Moins travailler, pour des raisons écologiques

«Il existe une corrélation forte entre le temps de travail et la dégradation de l’environnement. En somme, plus on travaille, plus on pollue,» nous dit le magazine français «Alternatives économiques». Plusieurs études d’économistes écologiques vont dans ce même sens: rapide tour d’horizon de la question.

Cela fait une dizaine d’années que l’on retrouve des études qui traitent de la corrélation entre temps de travail et impact écologique. La sociologue américaine Juliet Schor (Boston College) par exemple, avait déjà démontré en 2005 que «plus les individus travaillent, moins ils disposent de temps pour faire». La réflexion est assez instinctive: lorsque l’on travaille à 100%, que l’on ajoute les temps de trajet et que l’on a 4-5 semaines de vacances par an, on a bien plus tendance à se tourner vers des biens «à fortes empruntes écologiques pour gagner du temps». Entendez par là: plats préparés ou avion par exemple.

D’autres études confirment ce genre de réflexions. Ainsi, les économistes et modélisateurs David Rosnick et Mark Weisbrot (CEPR, Washington) affirment que si les Européens avaient travaillé autant que les habitants des Etats-Unis, ils auraient consommé 30% d’énergie en plus. Dans le même sens, l’économiste suédois Jonas Nässén montre qu’une réduction de 1% du temps de travail engendrerait une réduction de la consommation d’énergie et d’émission de gaz à effet de serre de 0,8% en moyenne.

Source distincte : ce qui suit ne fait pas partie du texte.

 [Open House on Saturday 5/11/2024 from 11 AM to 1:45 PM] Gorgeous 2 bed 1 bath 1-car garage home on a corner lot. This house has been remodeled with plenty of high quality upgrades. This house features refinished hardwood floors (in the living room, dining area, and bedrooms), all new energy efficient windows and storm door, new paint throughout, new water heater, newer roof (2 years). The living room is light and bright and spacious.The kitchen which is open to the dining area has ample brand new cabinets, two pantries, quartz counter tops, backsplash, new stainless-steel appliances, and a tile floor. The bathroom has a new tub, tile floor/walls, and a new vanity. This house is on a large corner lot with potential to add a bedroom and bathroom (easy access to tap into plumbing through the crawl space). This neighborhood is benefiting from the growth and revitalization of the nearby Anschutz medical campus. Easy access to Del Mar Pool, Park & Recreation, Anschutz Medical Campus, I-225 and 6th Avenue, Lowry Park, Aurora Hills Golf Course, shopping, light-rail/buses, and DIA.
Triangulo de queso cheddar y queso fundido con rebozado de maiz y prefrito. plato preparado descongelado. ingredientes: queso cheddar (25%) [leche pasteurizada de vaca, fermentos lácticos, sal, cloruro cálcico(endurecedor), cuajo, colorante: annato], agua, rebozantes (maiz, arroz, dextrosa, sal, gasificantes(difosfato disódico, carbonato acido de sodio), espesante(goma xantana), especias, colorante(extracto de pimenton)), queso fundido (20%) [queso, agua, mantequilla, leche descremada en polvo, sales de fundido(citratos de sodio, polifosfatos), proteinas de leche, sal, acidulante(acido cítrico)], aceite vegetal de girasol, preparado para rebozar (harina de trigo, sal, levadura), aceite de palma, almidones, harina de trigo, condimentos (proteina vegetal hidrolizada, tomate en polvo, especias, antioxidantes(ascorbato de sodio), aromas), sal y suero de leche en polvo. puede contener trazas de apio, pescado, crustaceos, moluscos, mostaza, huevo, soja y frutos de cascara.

On pourrait encore citer l’étude de Kyle Knight, Eugene Rosa et Juliet Schor ou celle de Lewis King et Jeoren Van de Bergh.

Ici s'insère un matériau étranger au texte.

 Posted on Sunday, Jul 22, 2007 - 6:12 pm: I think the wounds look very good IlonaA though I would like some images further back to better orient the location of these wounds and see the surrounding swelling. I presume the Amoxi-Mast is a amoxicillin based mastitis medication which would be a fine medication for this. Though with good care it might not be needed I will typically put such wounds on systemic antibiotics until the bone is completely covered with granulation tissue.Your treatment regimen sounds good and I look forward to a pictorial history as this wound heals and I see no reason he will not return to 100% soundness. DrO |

A préciser tout de même: il s’agit d’une corrélation et non d’une causalité. L’un n’engendre donc pas forcément l’autre. Dans ce domaine, il y a pourtant une déclaration qui fait consensus chez les scientifiques, selon Aurore Lalucq du magazine français Alternatives économiques: «Les activités économiques sont responsables du dérèglement climatique.»

Il ne reste plus qu’à affiner les recherches dans le domaine précis du temps de travail. Pas gagné… puisque ce genre de débat remettant en cause notre système basé sur la valeur «emploi» et sur la croissance a encore beaucoup de peine à se frayer un chemin dans nos sociétés.


Retrouvez l’article original sur le site de Alternatives économiques: «Réduire le temps de travail pour sauver l’environnement»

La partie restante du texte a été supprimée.